What he didn’t know was that same evening, around 8 o’clock, someone had shot off a large firecracker in San Francisco’s Glen Park. The booming explosion sent neighbor Kate Evans outside to investigate.
She didn’t find the source of the explosion but she did see something metal leaning up against a tree near the corner of Brompton and Chenery.
Walking over, she realized it was a folded up bike.
“It looked fancy enough that I didn’t think someone left it there as a give away,” she said.
Evans brought the bike into her house, where by a remarkable coincidence she noticed its brand name was Brompton.
That seemed odd, as she’d found it on Brompton street.
“I thought ‘Maybe it belonged to someone who lived on Brompton and they had left it out by accident,’” she told the Glen Park News.
Taking a closer look, she saw that the bike was a limited “Nickle Edition,” only 1,500 were made and it had a serial number.
Monday was a holiday, but on Tuesday Evans decided to do a little online sleuthing.
“With that much identifying information, I figured it would be easy to find the owner. I found a list online of bike shops that carry the Brompton Nickel Edition, I called one of them up (in Fremont) and told them about the bike,” she said.
Meanwhile, across the Bay in Berkeley, Mike had filed a police report about his missing bike and friends in the bike club had been scouring Bay area stolen bike reports to see if his turned up.
When nothing popped up , he figured there was no hope and called Perennial, the Minnesota bike shop where he ordered his lost bike, and started the process of getting another built to his specifications.
By this time, Evans had texted a photo of the bike’s nameplate to the Fremont shop, which in turn sent it along to Brompton, which is based in London. Calls and emails were flying between Glen Park, Fremont and London. Within 24 hours Brompton had found the serial number and discovered the stolen bike had been sold by Perennial Cycle in Minneapolis. Its owner was added into the loop.
Back in Berkeley, Mike was well into the process of working with Perennial to finalize the details on a replacement bike when he got an odd message from his contact there.
“It said ‘You’re going to get a really nice phone call, so be sure to answer,’” he told the Glen Park News.
Mike thought maybe the shop’s manager was going to call to say he was getting a discount because his first Brompton had been stolen.
So when the phone in his office call rang at noon on Thursday, he picked up.
But instead of the manager, it was a woman in Glen Park, calling to say she had his bike and would he like to come over and get it?

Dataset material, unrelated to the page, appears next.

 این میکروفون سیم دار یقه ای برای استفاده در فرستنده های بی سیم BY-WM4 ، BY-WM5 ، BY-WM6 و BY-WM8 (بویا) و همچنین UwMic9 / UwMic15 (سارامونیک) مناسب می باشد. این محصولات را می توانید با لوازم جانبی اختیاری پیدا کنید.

“I was just stunned,” he said. “I couldn’t believe what I was hearing. I was completely elated,” he said.
That very night he took BART over to Glen Park where he met Evans and her husband. They showed them where she’d found the bike and the trio spent some fruitless minutes trying to figure out how the bike had possibly gotten from Berkeley to Glen Park in the less than 90 minutes between when Mike’s car was broken into and when Evans came out to see what had blown up.
Ultimately, the mystery of how a bespoke bike made by Brompton Bicycle Ltd. in London, England and stolen in Berkeley happened to end up 20 miles away on Brompton Street in Glen Park, a mere 90 minutes after the smash-and-grad robber, remains unsolved.
But the wonder of how his bike came back to him has not left Mike, even a month after it was first stolen. “I just keep thinking ‘Wow, despite everything bad that’s happening in the world, there really are good people out there.’”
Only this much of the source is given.